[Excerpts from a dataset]

════════

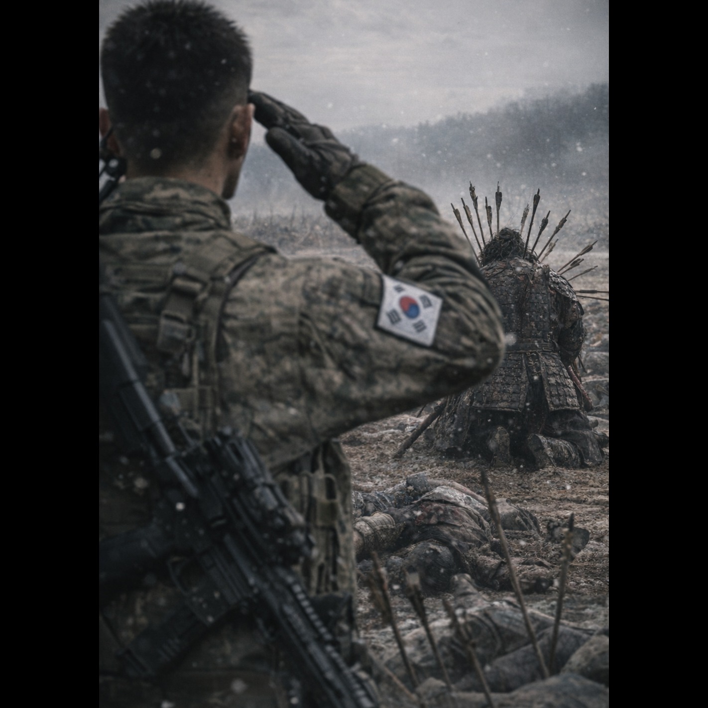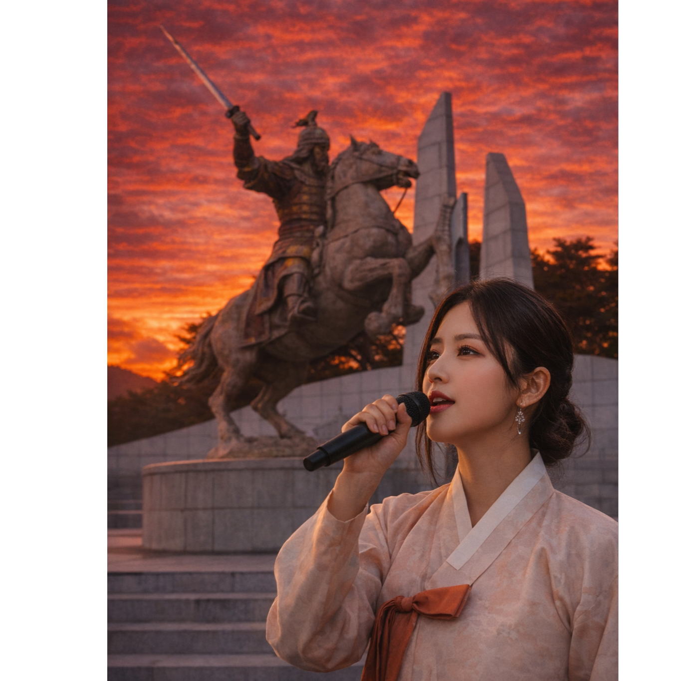Epic melodic metal with restrained intensity, Lead male vocal JSTONE: calm, grounded, no heroic exaggeration, soldierโs testimony tone, Mid-tempo (90โ100 BPM), heavy but controlled riffs, clear rhythm section, no over-dramatic orchestration, Theme: Hwang Jinโs campaign from Ungchi/Ichi blocking battle to Jinju Fortress, focus on duty, not glory, Female trio support vocals: YEONI for piercing but controlled high chorus (no reverb wash, forward vocal), SEHI for soft reflective bridge with distance and restraint, JIHEE for one short low, weighty line before final chorus (compressed, chest-centered tone), No emotional explosion, no shouting, Atmosphere: responsibility, memory, quiet resolve, Ending feels like a statement, not mourning
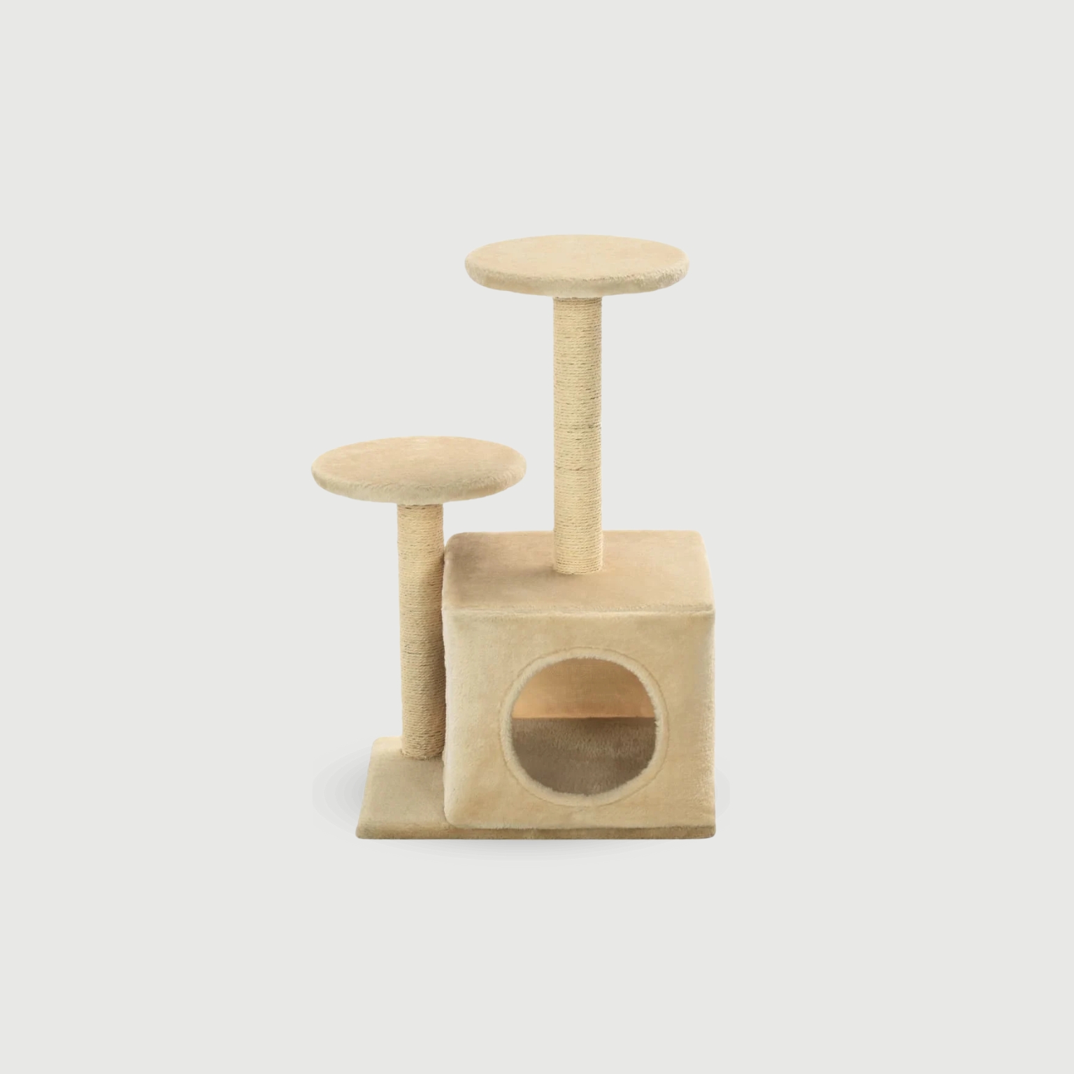 Drapak dla kota ze sizalowymi słupkami i domkiem, 60 cm, beżowy
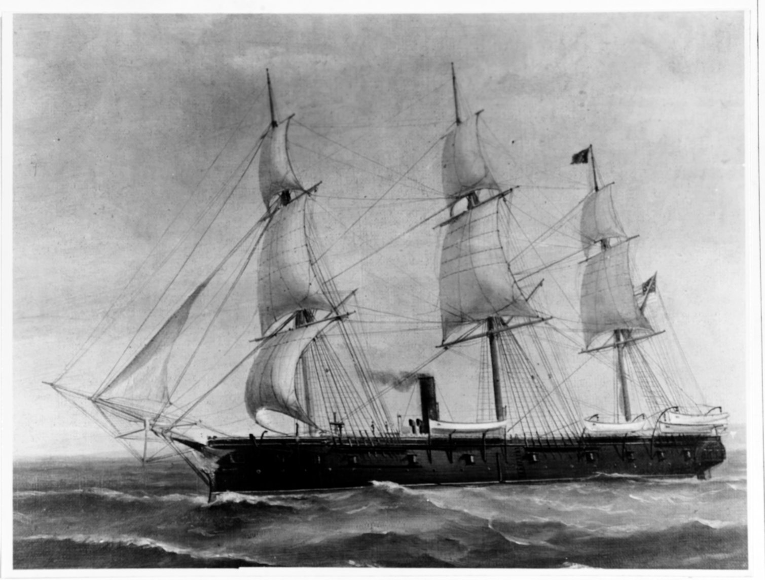 hatch railings, and large compass platform over the helm. Catalog #: NH 94303 US Naval History and Heritage Command photo# NH 04303. Description: Courtesy of The U.S. Army Military History Institute, Carlisle Barracks, PA. Collection of R.W. Hackenburg RG100s.32. |
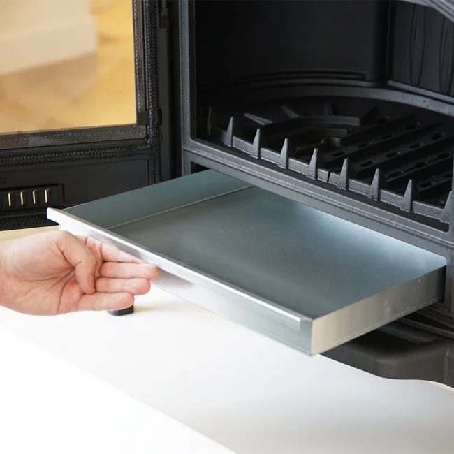 Zásobník na popol s pohyblivým roštom, ktorý uľahčuje odstraňovanie popola.
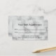 This professional business appointment card is double-sided. Both sides have an elegant faux white marble background. Side one says "Your Next Appointment" and has lines for the date and time of the appointment. At the bottom, there's display text you can edit to create a custom message if desired. (Shown: Kindly provide 24 hours notice if unable to keep your appointment.) Side two has display text to replace with the company name and its address, phone number, and website. All text can be edited or deleted. The text is black.
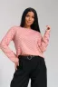 Женственная туника с принтом горох и переходящими на перед кокетками. Горловина окантована, рукава и низ туники подшиты на прямострочке.
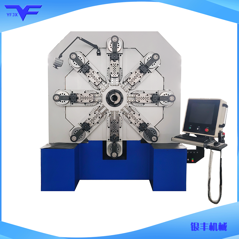 CNC-YF-12100无凸轮弹簧机多轴数控弹簧机可生产(0.2-10.0mm线径)无凸轮转线弹簧机采用独特的无凸轮和无摇臂设计,由多组伺服马达独立控制,每个工位上都有单独伺服驱动,卷曲功能具有可拆卸式安装功能,对于折角处理和圆弧折弯具有较快的处理速度,转线系统功能,解决了弹簧机在送线过程中整个送线可正反向360度旋转,实现了多角度成型和切断等,为方便完成您所要求的各类形弹簧试样及生产,在工作过程中并设有精度检测跟踪装置,保证弹簧品质优良,可生产各种各样异型弹簧、压簧、双扭簧、电池簧、扁簧(发条簧)及各种线成型等,精密准确、调机快速、稳定可靠是用户的理想设备。
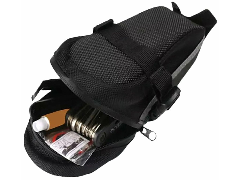 Praktická taška na kolo pod sedlem – umožňuje pohodlnou a bezpečnou přepravu drobných předmětů. Snadno sestavitelné, vyrobené z pevných a voděodolných materiálů.
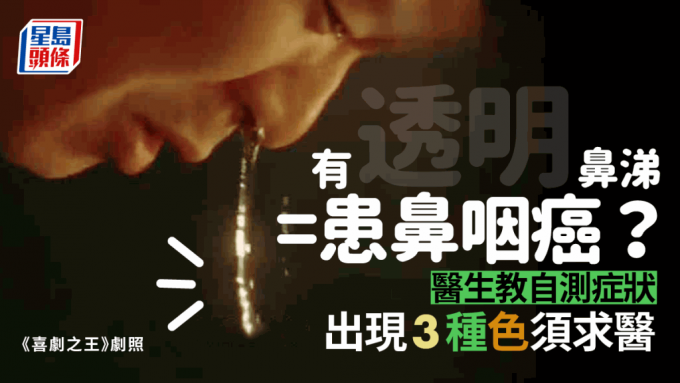 ▲鼻涕透明等于患鼻咽癌?醫(yī)生指出現(xiàn)3種色須求醫(yī),并教自測(cè)癥狀。
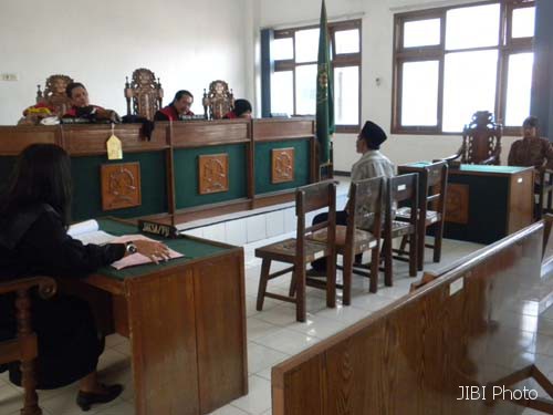 Hakim Ketua, Komarudin Simanjuntak SH didampingi hakim anggota, Sahat P Sihombing SH dan Roro Dwi Handayani SH bertubi-tubi melontarkan pertanyaan kepada pria yang menjadi saksi dalam sidang perdana yang menyeret Ningsih ke Pengadilan Negeri (PN) Sragen, Selasa (17/1/2012) siang. Bapak yang memakai peci itu tidak lain ayah kandung Ningsih, yakni Waluyo, 48, warga Cibajak RT 007, Desa Canggal, Kecamatan Candiroto, Kabupaten Temanggung.
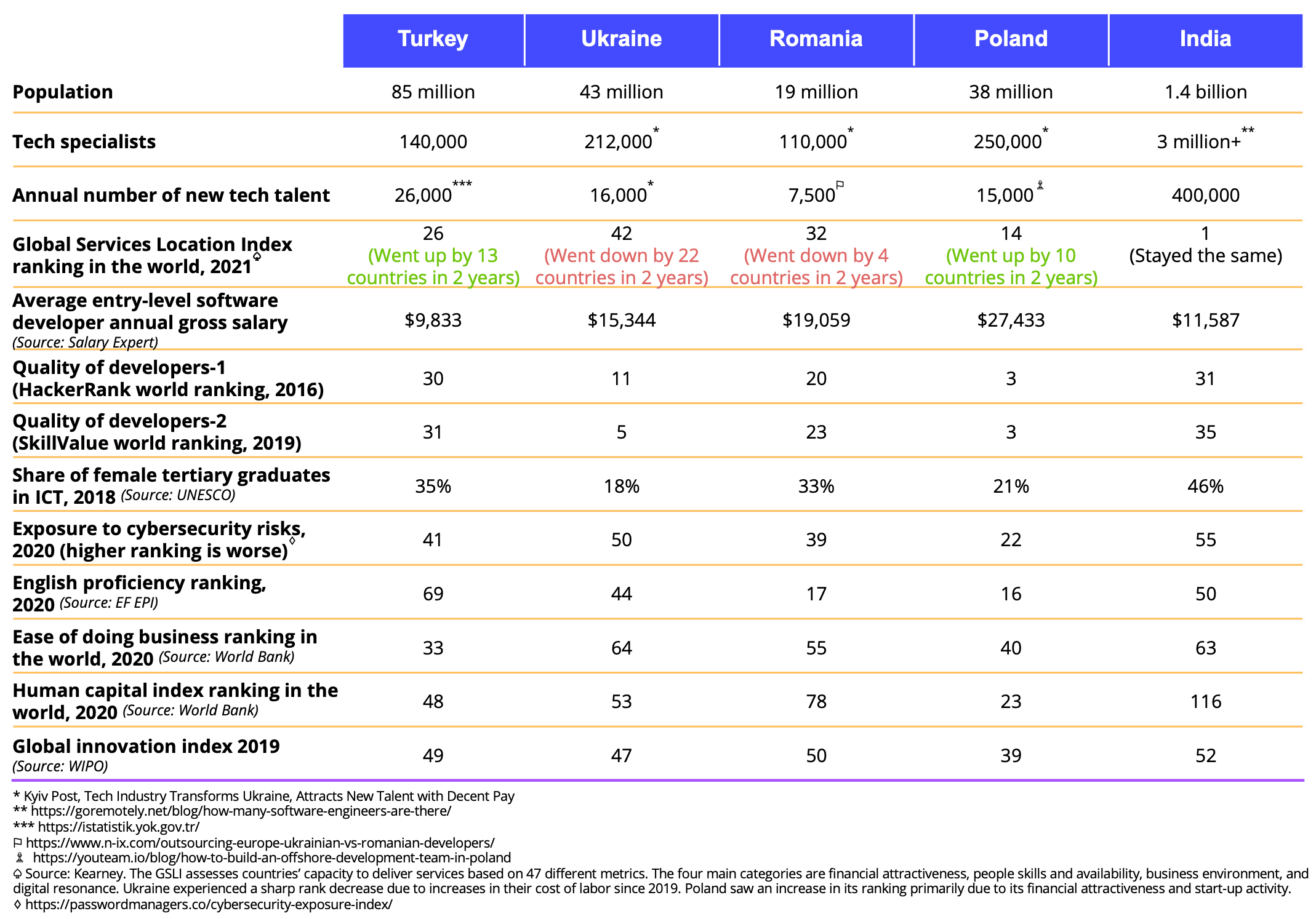 I compared Turkey and four popular IT outsourcing destinations.

════════

• Task to complete:
The answer must consist only of the lines from the beginning of the entries above through the line that holds "Zásobník na popol", reproduced exactly and without pictures.

• Task response:
Epic melodic metal with restrained intensity, Lead male vocal JSTONE: calm, grounded, no heroic exaggeration, soldierโs testimony tone, Mid-tempo (90โ100 BPM), heavy but controlled riffs, clear rhythm section, no over-dramatic orchestration, Theme: Hwang Jinโs campaign from Ungchi/Ichi blocking battle to Jinju Fortress, focus on duty, not glory, Female trio support vocals: YEONI for piercing but controlled high chorus (no reverb wash, forward vocal), SEHI for soft reflective bridge with distance and restraint, JIHEE for one short low, weighty line before final chorus (compressed, chest-centered tone), No emotional explosion, no shouting, Atmosphere: responsibility, memory, quiet resolve, Ending feels like a statement, not mourning
 Drapak dla kota ze sizalowymi słupkami i domkiem, 60 cm, beżowy
 hatch railings, and large compass platform over the helm. Catalog #: NH 94303 US Naval History and Heritage Command photo# NH 04303. Description: Courtesy of The U.S. Army Military History Institute, Carlisle Barracks, PA. Collection of R.W. Hackenburg RG100s.32. |
 Zásobník na popol s pohyblivým roštom, ktorý uľahčuje odstraňovanie popola.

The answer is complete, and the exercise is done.